Subaim 2.4. To construct a multidimensional TBI classification system incorporating data from
multiple domains that will define homogeneous classes of patients suitable for clinical trial
inclusion.
Specific Aim 3. To evaluate a flexible outcome assessment battery comprised of a broad range
of TBI common data elements that enables assessment of multiple outcome domains across all
phases of recovery and at all levels of TBI severity. When compared with the current gold
standard, the Glasgow Outcome Scale Extended (GOSE), the Investigators hypothesize that a
flexible and more discriminating outcome battery reflecting multiple functional domains will
more precisely and efficiently capture outcomes across the course of recovery, at all levels
of TBI severity.
Subaim 3.1. To improve the granularity and breadth of TBI outcomes using a flexible outcome
assessment battery that enables basic neurocognitive assessment in subjects too impaired to
undergo standard neuropsychological testing, and comprehensive assessment of cognition,
functional status, mental health, social participation, and quality of life in those
cognitively intact enough to provide valid results.
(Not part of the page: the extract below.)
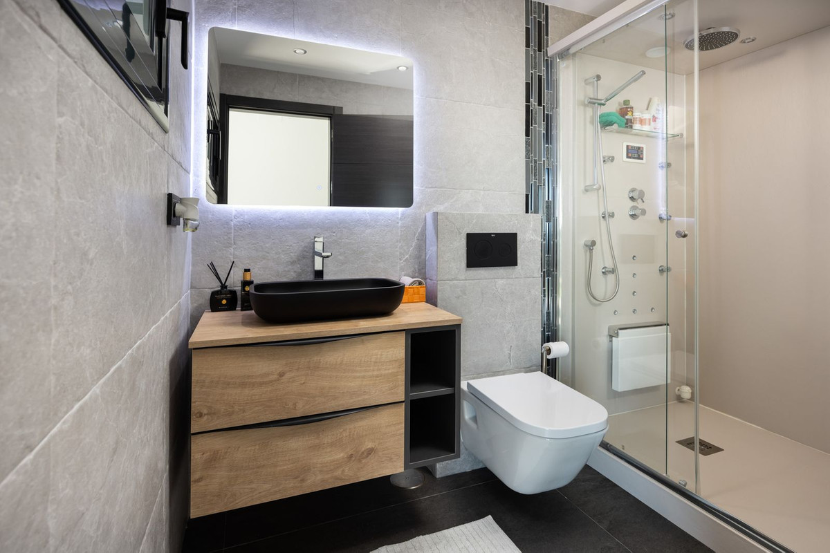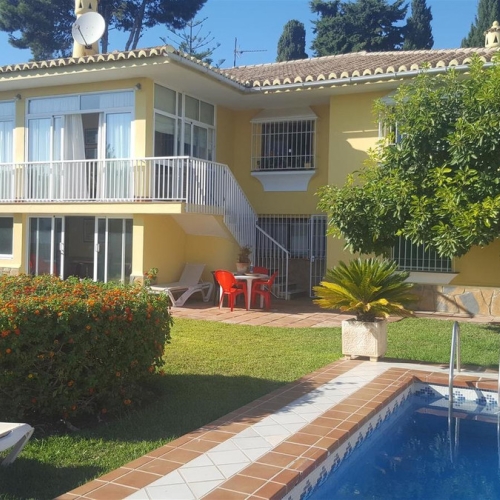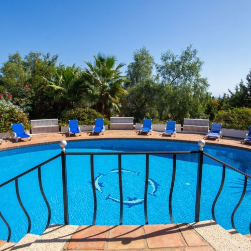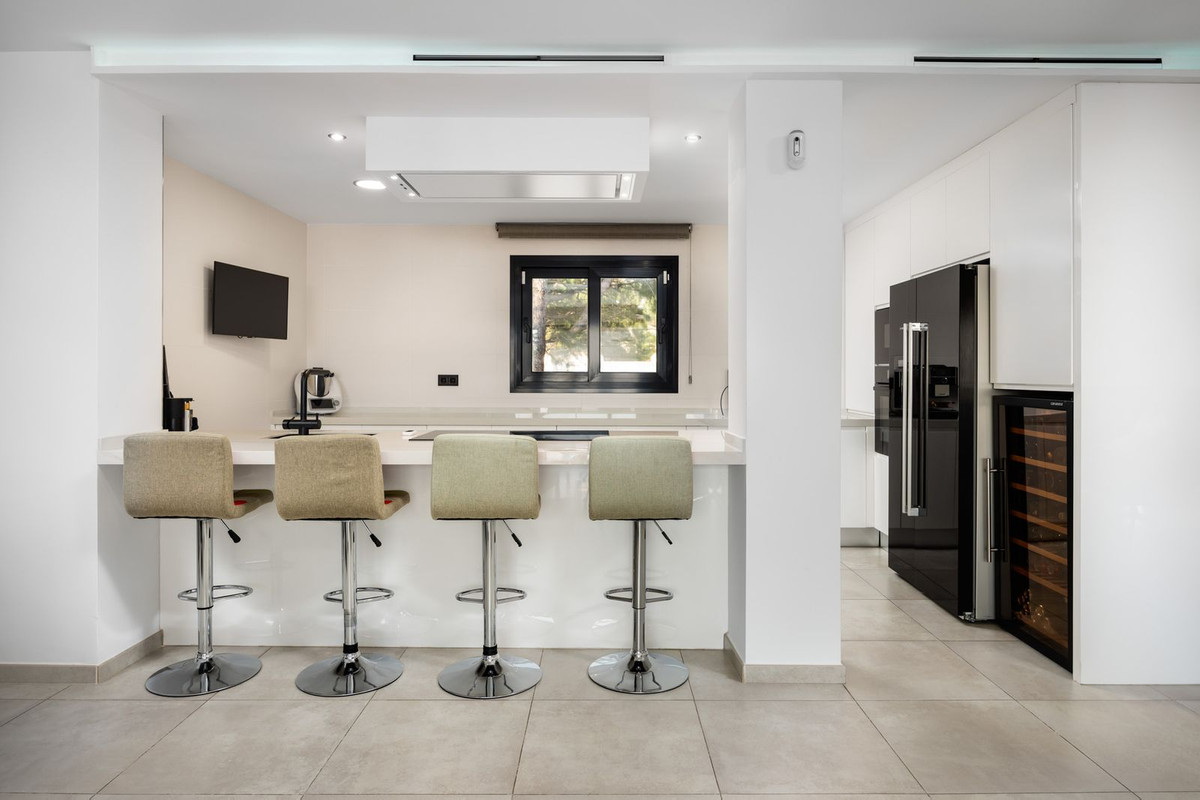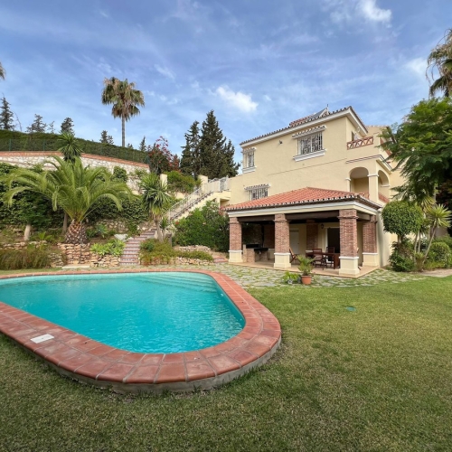 Spectacular villa that perfectly blends Mediterranean style with contemporary design, combining traditional charm with modern comfort and top-quality finishes. Located in the prestigious Buena Vista area of Mijas, it offers a unique lifestyle in a peaceful and private setting, with stunning panoramic views of the Mediterranean Sea, the coastline, Africa, and the mountains. Set on a plot of 800 m² with a built area of 251 m², the property is in immaculate condition and ready to move into. Its location is unbeatable: just 5 minutes from Fuengirola, 2 minutes from the exclusive Higuerón commercial area with all kinds of services, 10 minutes from the finest beaches of the Costa del Sol, and only 20 minutes from Málaga city center and the airport. The villa is mainly distributed on one floor, ensuring functionality and comfort. Upon entering, the home immediately stands out for its brightness and sense of space thanks to the open-plan design. The modern fully fitted kitchen seamlessly integrates with the spacious living room with fireplace, creating a warm atmosphere that connects with the terraces and garden through large sliding doors. The exterior is a true private retreat, featuring a swimming pool with sunbathing area and hydromassage jet, a barbecue area ideal for outdoor gatherings, and a landscaped garden with fruit trees, all with open views to the sea and mountains. The property offers four bedrooms. The master bedroom, with en-suite bathroom and walk-in wardrobe, has direct access to a terrace with a private jacuzzi. Two additional bedrooms with their own bathrooms are located on the opposite wing of the house, ensuring privacy for family or guests. On the upper floor, a versatile space currently used as a gym with bathroom and private terrace can easily be converted into an independent suite with spectacular views. Additional features include a cinema room, sauna, laundry room, air conditioning, solar panels for hot water, and parking space for three vehicles, including a closed garage and covered carport. An ideal residence both for year-round living and as a luxury holiday home, perfect for those seeking privacy, comfort, and a strategic location on the Costa del Sol.

Subaim 3.2. To determine the efficiency of a flexible outcome assessment battery, as compared
with the GOSE, in reducing sample sizes needed to detect differences between groups.
Subaim 3.3. To identify specific TBI phenotypes amenable to targeted interventions, by
relating patient classification factors (Subaim 2.4) to different outcome factor scores
(Subaim 3.1).
Specific Aim 4. To determine which tests, treatments, and services are effective and
appropriate for which TBI patients, and use this evidence to recommend practices that offer
the best value. The Investigators will use established comparative effectiveness research
(CER) and health economics methods to evaluate the ability of each clinical practice to
improve outcomes while containing costs.
Subaim 4.1. To identify patients currently admitted to an ICU who could be safely and
effectively cared for in a floor bed or discharged home with outpatient management, and to
estimate the health and economic impact of changing the management of these patients.
Subaim 4.2. To determine whether routine follow up improves TBI outcomes and minimizes their
economic burden.
Subaim 4.3. To assess variability in management of patients taking antiplatelet agents at the
time of TBI, and the effect of management on progression of intracranial hemorrhage, need for
craniotomy, and outcome.
The Investigators expect that achievement of these Specific Aims will advance our
understanding of TBI, improve clinical trial design, lead to more effective patient-specific
treatments, and improve outcome after TBI.